**Exercise goal**
Everything in the listing below must be reproduced exactly, apart from its images.

++++ Data below

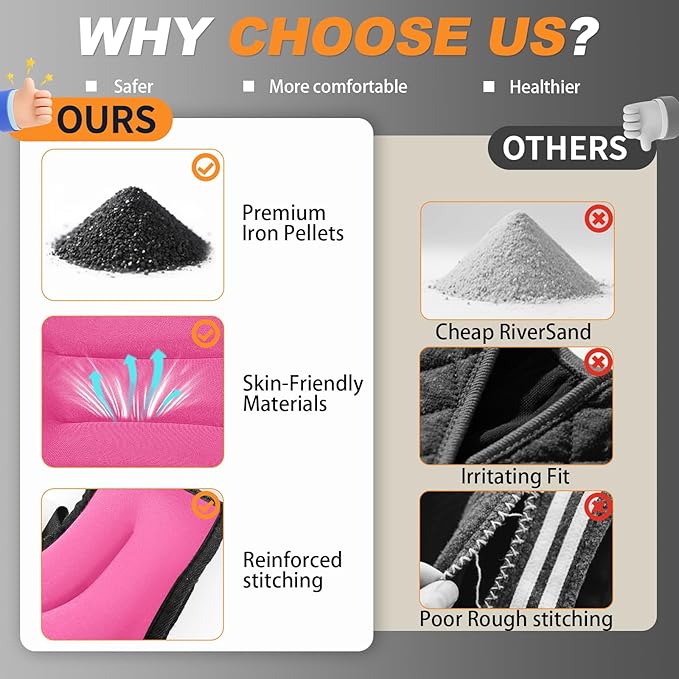 - BALANCED WEIGHT: The weight vests are filled with premium iron sand instead of cheap river sand. The ergonomic design ensures even weight distribution, which minimizes shoulder and neck fatigue, allowing you to focus on your workout and maximize your training efficiency.
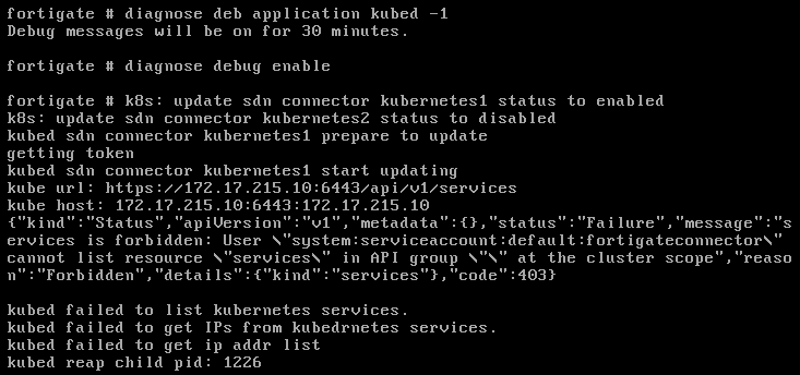 config system sdn-connector edit "kubernetes1" set type kubernetes set server <IP address> set server-port <port> set secret-token <secret token> set update-interval 30 next end -
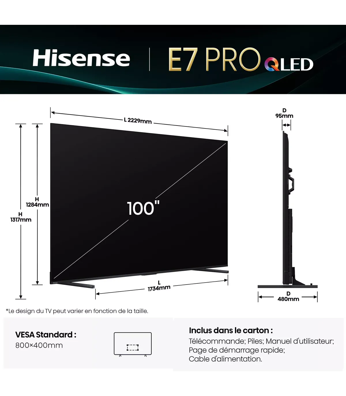 Hisense 100E7Q Pro | TV 100" 4K UHD MiniLED – Achetez au Meilleur Prix

++++++++

**Exercise output**
 - BALANCED WEIGHT: The weight vests are filled with premium iron sand instead of cheap river sand. The ergonomic design ensures even weight distribution, which minimizes shoulder and neck fatigue, allowing you to focus on your workout and maximize your training efficiency.
 config system sdn-connector edit "kubernetes1" set type kubernetes set server <IP address> set server-port <port> set secret-token <secret token> set update-interval 30 next end -
 Hisense 100E7Q Pro | TV 100" 4K UHD MiniLED – Achetez au Meilleur Prix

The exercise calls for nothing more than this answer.